Fine-Grained Prediction of Syntactic Typology: Discovering Latent Structure with Supervised Learning
This addresses the challenge of grammar induction for linguists and NLP researchers, but it is incremental as it applies a supervised approach to a typically unsupervised problem.
The paper tackled the problem of predicting syntactic typology, such as word-order facts, from part-of-speech sequences by treating it as supervised learning using synthetic languages, and showed that adding synthetic data improves performance and outperforms a grammar induction baseline.

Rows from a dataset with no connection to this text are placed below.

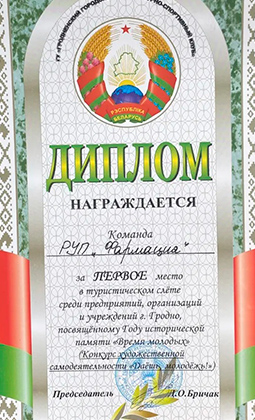 24-26 июня команда Гродненского РУП «Фармация» приняла участие в туристическом слете предприятий и организаций города Гродно «Время молодых», посвященный Году исторической памяти, который состоялся на туристической базе «Химик». В рамках мероприятия члены команды предприятия проявили себя во многих видах спорта,- спортивное ориентирование, полоса препятствий, водная дистанция, волейбол, перетягивание каната, сумо, городошный спорт. Также был проведен конкурс творческого мастерства на летней сцене, в котором наше предприятие заняло первое место. А по результатам смотра на лучшее оформление туристического быта Гродненское РУП «Фармация» стало третьим.
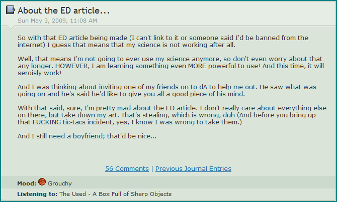 After the white knight journal was posted our little Foxy had made another journal this time putting up a note sent to her by an intelligent individual who knows how to properly web. This journal caused side wrenching lulz with a large order of intrigue and mystery.
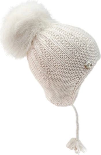 - This aviator-style pom hat for kids features faux fur pom and is 100% cashmere for a luxurious feel. Crafted in classic beige and baby blue colors, this hat is perfect for keeping children warm and stylish. With a timeless style, this hat can be enjoyed year after year. 100% Mink Cashmere Detachable faux fur pom Unlined, medium weight Unisex Provides excellent ear coverage Tassels are decorative Imported Available in 2 sizes: Small (Newborn to 12M) and Medium (12M -5 Years) Care Instructions: For washing, remove pom. Hand wash in cold water, mild detergent. Hang to dry.
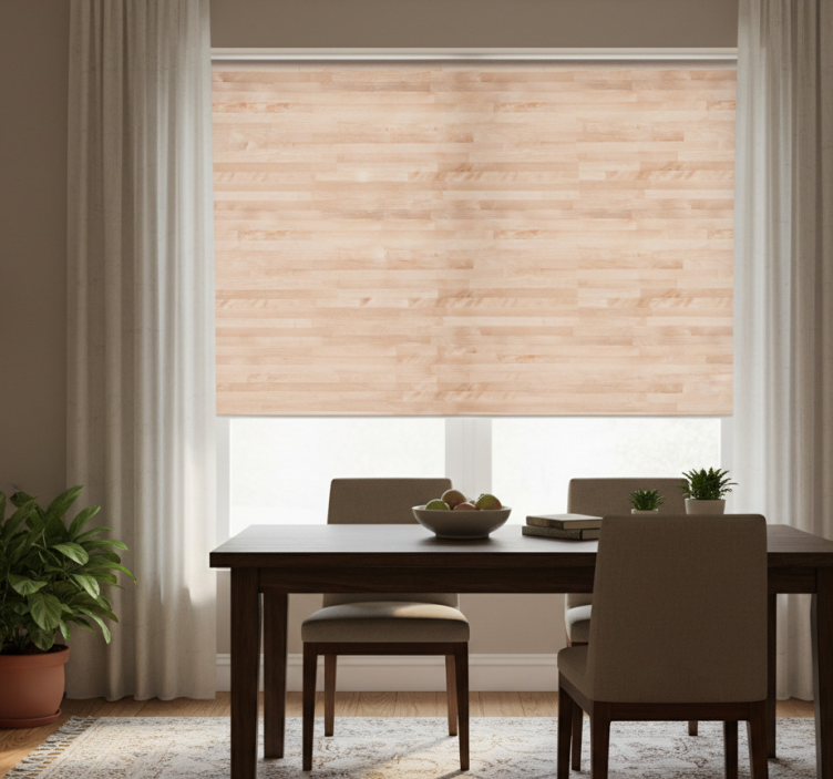 Reference: E6558Introducing our stunning Dining room blind in elegant brown wood finish, designed to elevate the aesthetic of your living space! This elegantly crafted blind features a rich wood finish, easy assembly in just two clicks, and easy cleaning for your convenience. Its innovative design protects your room from direct sunlight while providing a sense of privacy when lowered. The roller blind also allows you to regulate the room temperature, enhancing comfort while ensuring security by letting you see outside without being seen.
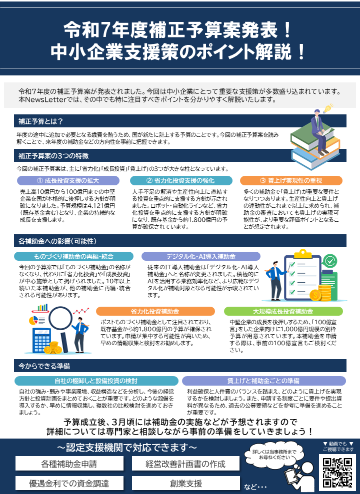 令和7年度補正予算案発表!中小企業支援策のご案内
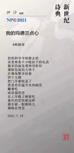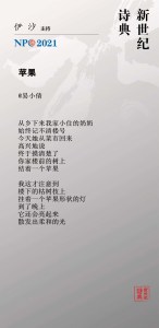 发表在 1990s, 2000s, 2010s, 2011, 2012, 2013, 2014, 2015, 2016, 2017, 2018, 2019, 2020, 2021, 20th century, 21st century, November 2021, NPC, poetry, Translations, Yi Sha, 徐江, 新世纪诗典, 沈浩波, 伊沙 | Leave a Comment »
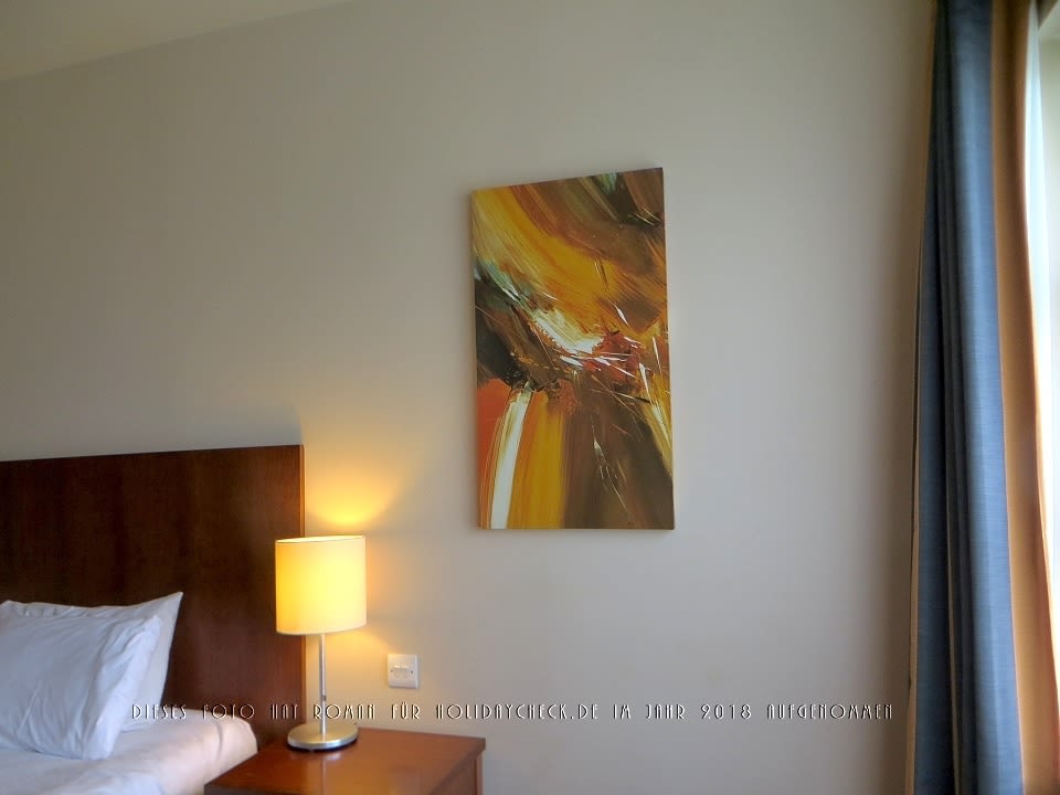 Das zweite Einzelbett am Fenster, mit Wanddeko.

We show how to predict the basic word-order facts of a novel language given only a corpus of part-of-speech (POS) sequences. We predict how often direct objects follow their verbs, how often adjectives follow their nouns, and in general the directionalities of all dependency relations. Such typological properties could be helpful in grammar induction. While such a problem is usually regarded as unsupervised learning, our innovation is to treat it as supervised learning, using a large collection of realistic synthetic languages as training data. The supervised learner must identify surface features of a language's POS sequence (hand-engineered or neural features) that correlate with the language's deeper structure (latent trees). In the experiment, we show: 1) Given a small set of real languages, it helps to add many synthetic languages to the training data. 2) Our system is robust even when the POS sequences include noise. 3) Our system on this task outperforms a grammar induction baseline by a large margin.